I wonder if other ball parks do this and if so when they all hold their dog day at the park?


----------



## zephyr (Sep 29, 2009)

Jealous!!!! The Blue Jays apparently USED to do a "Dog Day" hosted by the Ontario SPCA... but I was just trying to find it online yesterday, and it seems they aren't doing it this year, or at least not that I can see  SUCH a neat idea, I KNOW Oscar would love it! : Post pictures when you go please 

Oh BTW Oscar says... woof! I love baseball!


----------



## pburchins (Mar 11, 2009)

Rob's GRs said:


> Sounds like a great time.
> I wonder if other ball parks do this and if so when they all hold their dog day at the park?


I saw the New York Mets doing it last week when the Brave were in town. I would imagine it is different for each team. I would go to your favorite team and look it up under schedule and special events.
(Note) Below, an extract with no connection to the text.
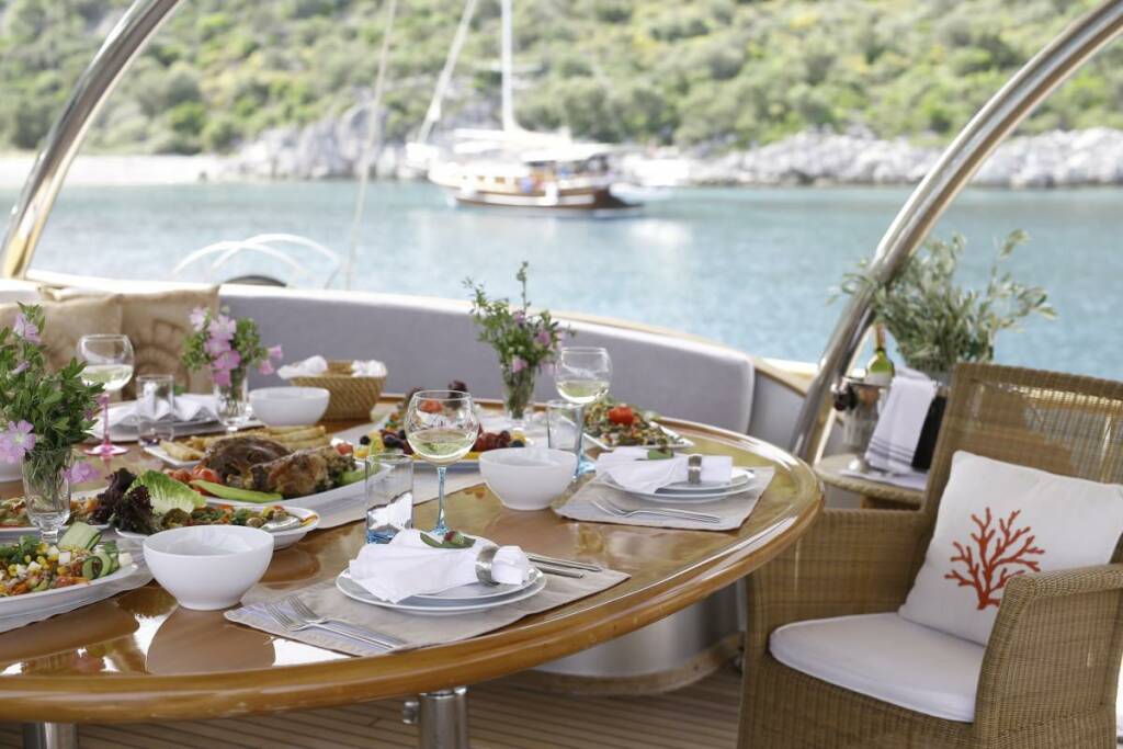 Has been on charter yachts for 15 years , the boat receives complimentary letters from clients .The Customers repeat their bookings mostly because of his delicious world dishes, English , Continental and traditional Turkish breakfasts , cold mezes and salads are his speciality. Sea food of all kinds and best roasted meat can e mentioned amongst his plates. The dessert...words cannot be adequate to describe his world and traditional elegantly plated style .Not to count the 5 o�clock tea and the home made cakes.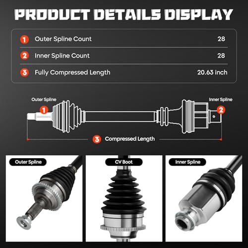 Specifications: Installation location: Front Right; Compressed Length: 20.63 inch; Inner Spline Count: 28 inch; Outer Spline Count: 28 inch; ABS Spline: 44T; Axle Nut Included: Yes; Axle Nut Thread Size: M22x1.5

I wish they would have more days for it. Last year in Atlanta, we had 2 day games and a night game which was aptly named: Bark in the Park After Dark.


----------



## nixietink (Apr 3, 2008)

I just checked and the Oakland A's and San Francisco Giants do it here in Nor Cal!


----------



## pburchins (Mar 11, 2009)

I found a list of MLB teams that have a Pet Day this season. I found this on petnation.com.

*MLB 2010 Dog Days Games 

**Atlanta Braves - Bark in the Park*: *May 2 vs. Houston and August 29 vs. Florida

**Chicago White Sox - Dog Day*: *June 3 vs. Texas

**Cincinnati Reds - Bark in the Park*: *May 26 vs. the Pirates and September 14 vs. the Diamondbacks
*

*Florida Marlins - Bark at the Park*: April 30 vs. Washington

*Houston Astros - Dog Day*: April 11 vs. Philadelphia

*New York Mets - Bark in the Park*: April 24 vs. Atlanta

*Oakland Athletics - Dog Day*: July 23 vs. Chicago White Sox
*
San Francisco Giants - Dog Days of Summer*: August 29 vs. Arizona Diamondbacks 


Based on the success of the Bark in Park in May in Atlanta they added another in June but they had it during a night game so it would be cool on the dogs.


----------



## Rob's GRs (Feb 25, 2007)

I looked but I do not think the Phillies have such a day.......


----------